Vontaze Burfict is expected to be wearing No. 55 Sunday and making his season debut in a limited role.
One of these days turned out to be Sunday against the Steelers (1 p.m.-Cincinnati's Channel 12) at Heinz Field.
Vontaze Burfict, the Bengals Pro Bowl WILL linebacker, went from the practice field to the active roster Saturday in 48 hours when the club cut wide receiver Greg Little and replaced him by moving Burfict from the physically unable to perform list (PUP).
It took the Bengals 56 days to make a change to their 53-man roster and it was as big as it gets. Burfict is the guts of defensive coordinator Paul Guenther's operation as his signal-caller and surest tackler. Before injuring his knee 53 weeks ago and undergoing micro fracture knee surgery, he led the Bengals in tackles in 2012 and again in 2013, when he led the league and made the Pro Bowl with his widely acclaimed instinctive play.
It's believed Burfict is going to dress but as head coach Marvin Lewis said Friday, he's not expected to play a full game because he's not in football shape. He didn't get medically cleared until Wednesday and has had only one full-scale practice under his belt. So it would be hard to see him playing more than 15 snaps or so.
Although he'll be in a limited role, it marks the first time the front seven from the No. 3 defense in 2013 has been re-united with a healthy Geno Atkins and the return of Michael Johnson up front.
After his first practice in more than a year Thursday, Burfict sounded a note of caution when he said, "Hopefully I can get out there and play on Sunday one of these days."
But it is now full steam ahead. It will be interesting to see who Lewis sits from the roster on Sunday to make room for Burfict. The leading candidate would be the linebacker that has played the fewest snaps, rookie P.J. Dawson. But the Bengals would be losing a special teams player without adding one and a player that also plays Burfict's spot. Until Burfict gets settled and his status becomes clearer, they may want to go with an extra backer.
But that's probably going to be a game-time decision.
Although the Bengals cut Little after he didn't dress for a game this season, they like him enough that they'd be looking at adding him if they needed him and he was available.
Burfict's voracious competitiveness and relentless intensity have been his hallmarks as much as production, so there was only a little bit of caution.
"Of course I would want to go. I'm a football player. I'm competitive," Burfict said after Thursday's practice. "That's up to Marvin. My mind is to play, but like I said that's up to Marvin."

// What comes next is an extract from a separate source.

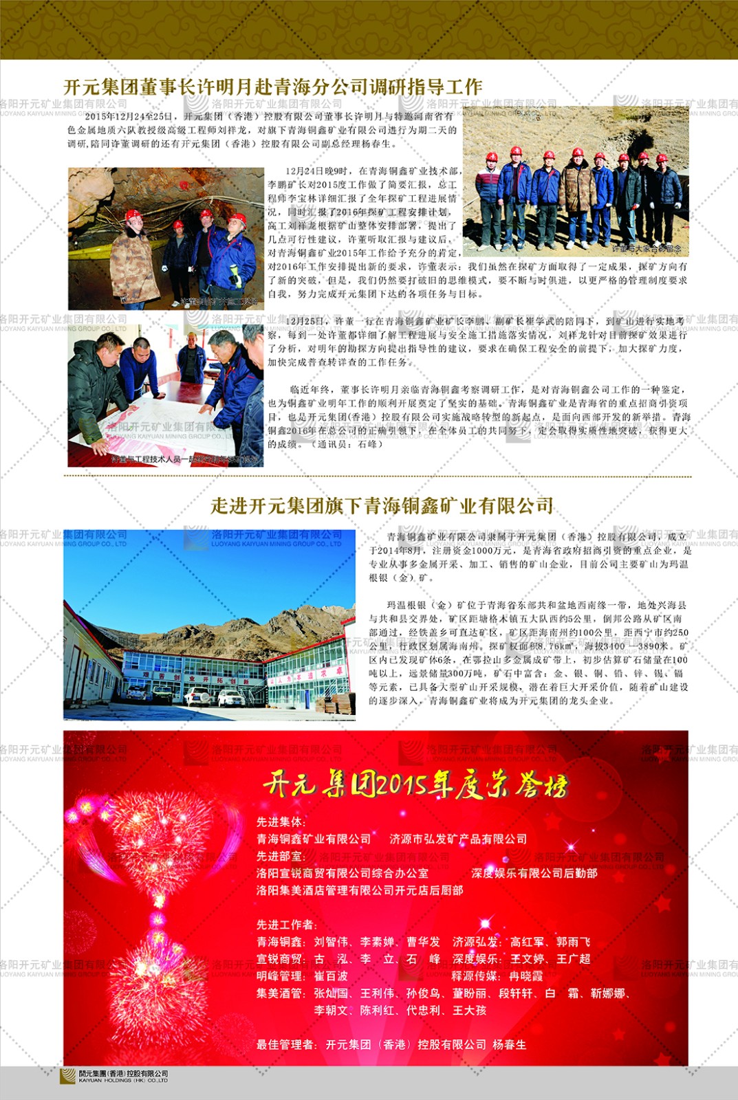 洛陽開元礦業(yè)集團(tuán)有限公司簡介洛陽開元礦業(yè)集團(tuán)有限公司,始成立于2006年,位于洛陽市開元大道269號。集團(tuán)旗下共有五余家全資子公司,業(yè)務(wù)涉及有色金屬礦山開發(fā)、礦產(chǎn)品購銷與進(jìn)出口貿(mào)易、房地產(chǎn)開發(fā)、文化藝術(shù)、企業(yè)管理與咨詢、資本投資等多個領(lǐng)域。民建河南省委委員、民建河南省委企業(yè)委副主任、民建洛陽市委委員、企業(yè)委主任、洛陽民建企業(yè)家協(xié)會會長許明月是公司創(chuàng)始人,現(xiàn)任洛陽開元礦業(yè)集團(tuán)有限公司董事長。在礦業(yè)領(lǐng)域,洛陽開元礦業(yè)集團(tuán)擁有多家實力雄厚的子公司:貴州開元礦業(yè)有限公司探、采礦權(quán)面積共11.33平方公里;興??h銅鑫礦業(yè)有限公司探礦權(quán)面積8.76平方公里,礦山資源潛力巨大;2021年,開元集團(tuán)與盧氏中科礦業(yè)有限公司開展戰(zhàn)略合作。盧氏中科礦業(yè)有限公司專注于有色金屬的浮選、加工和銷售,擁有強大的技術(shù)支撐平臺,是集探、采、選、冶、研為一體的中大型綜合礦業(yè)企業(yè)。目前,盧氏中科王家河1000噸選礦廠已成功投產(chǎn),雙河金礦、柳關(guān)欒盧鉛鋅礦相繼順利開工,樓房銀礦與圪老灣鉛鋅礦的深部探礦重大突破,標(biāo)志著礦山版圖取得重大進(jìn)展,為開元集團(tuán)后續(xù)發(fā)展奠定了堅實基礎(chǔ)。在文化傳媒領(lǐng)域,洛陽市明月美術(shù)館通過豐富多樣的藝術(shù)展覽、學(xué)術(shù)研討和公共教育活動,努力打造一個集展覽、交流、教育、研究為一體的綜合性藝術(shù)平臺。此外,在金融投資領(lǐng)域,開元集團(tuán)旗下的北京明峰資本管理有限公司專注于投資具有高增長潛力的優(yōu)秀企業(yè),特別是高科技、新能源、環(huán)保等新興產(chǎn)業(yè),為客戶提供個性化的資產(chǎn)配置服務(wù)。在做好企業(yè)經(jīng)營的同時,開元集團(tuán)始終不忘企業(yè)的社會責(zé)任和家國情懷,以突出的愛心公益事跡,開展了一系列公益慈善活動:“民建林”公益事業(yè)通過“思源基金”“幫幫公益”線上公益平臺,與眾多愛心人士籌措資金20余萬元;資助541名貧困大學(xué)生共計270余萬元,推進(jìn)“數(shù)字助力——河南AI人才培養(yǎng)”;捐款10萬元,馳援京津冀、黑龍江洪水地質(zhì)災(zāi)害……公司于2017年底被洛陽市慈善總會評為“洛陽慈善風(fēng)云榜——十大愛心集體”。洛陽開元礦業(yè)集團(tuán)有限公司秉承持續(xù)發(fā)展理念,憑借多年來良好的企業(yè)信譽與經(jīng)營業(yè)績,與全國多家企業(yè)建立了良好合作關(guān)系,受到社會各界的一致好評,多次榮獲“納稅標(biāo)兵”“先進(jìn)企業(yè)”“招商引資模范企業(yè)”等榮譽稱號?;赝麃頃r路,開元人勠力同心,以“闖”的精神和“創(chuàng)”的勁頭,一路披荊斬棘,踏過千山萬水;展望新未來,開元人凝心聚力,不執(zhí)于“舊”,無畏于“新”,秉承“勇于跨越,追求卓越”的企業(yè)精神,乘著國家高質(zhì)量發(fā)展新征程的東風(fēng),跨過高山,越過大海,向著集團(tuán)多元化、國際化的目標(biāo),逐夢遠(yuǎn)航,跨越前行!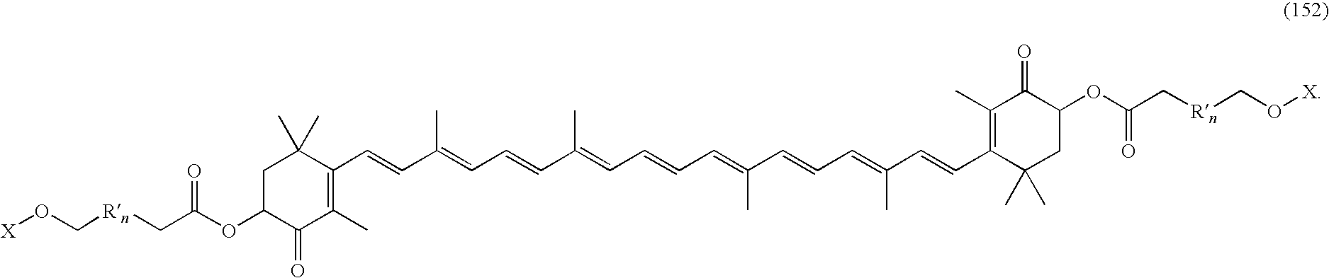 As used herein, terms such as “carotenoid analog” and “carotenoid derivative” generally refer to chemical compounds or compositions derived from a naturally occurring or synthetic carotenoid. Terms such as carotenoid analog and carotenoid derivative may also generally refer to chemical compounds or compositions that are synthetically derived from non-carotenoid based parent compounds; however, which ultimately substantially resemble a carotenoid derived analog. Non-limiting examples of carotenoid analogs and derivatives that may be used according to some of the embodiments described herein are depicted schematically in

On Friday Lewis said he was basing any decision on Burfict's long-term health, as well as unanimity in the organization.
"I think about his career. That's what I worry about," Lewis said. "I'm not worried about our season. I worry about his career. "
"When everybody agrees he's ready to play, he'll play," Lewis said. "But it's got to be everybody. That's what I have to see. I have to see everybody in agreement . . . Medical, me and what we see as a football player."
Although micro fracture surgery is viewed as dicey by some because reconstituting cartilage is still evolving, Burfict expressed confidence in how his knee felt after Thursday's practice in shoulder pads.
"I would have never been out there practicing if I wasn't confident," Burfict said. "The NFL is a physical game. I wouldn't want to go out there with a bad knee and having to do something else different to it. I feel confident in it and I'm able to break and accelerate and break down."
Even before Burfict got hurt in the Oct. 26, 2014 win over Baltimore, he had been hounded by injuries all season, starting with a concussion in the opener that made him sit out a game and a cervical strain that put him out of another. But on Thursday he was thankful the long, winding road had stopped.
"There were some hard days when I didn't feel like doing rehab, but Marvin made sure he calls me and made sure I get into the stadium," Burfict said. "There were some hard days, but I'm here now and looking forward to playing a game.
"Teammates . . . kept pushing me. They knew when I was out of it. One day when I didn't feel like doing rehab and they'll just push me to do it. I've been pushed by teammates, coaches, Mr. (Mike) Brown and I thank them for it."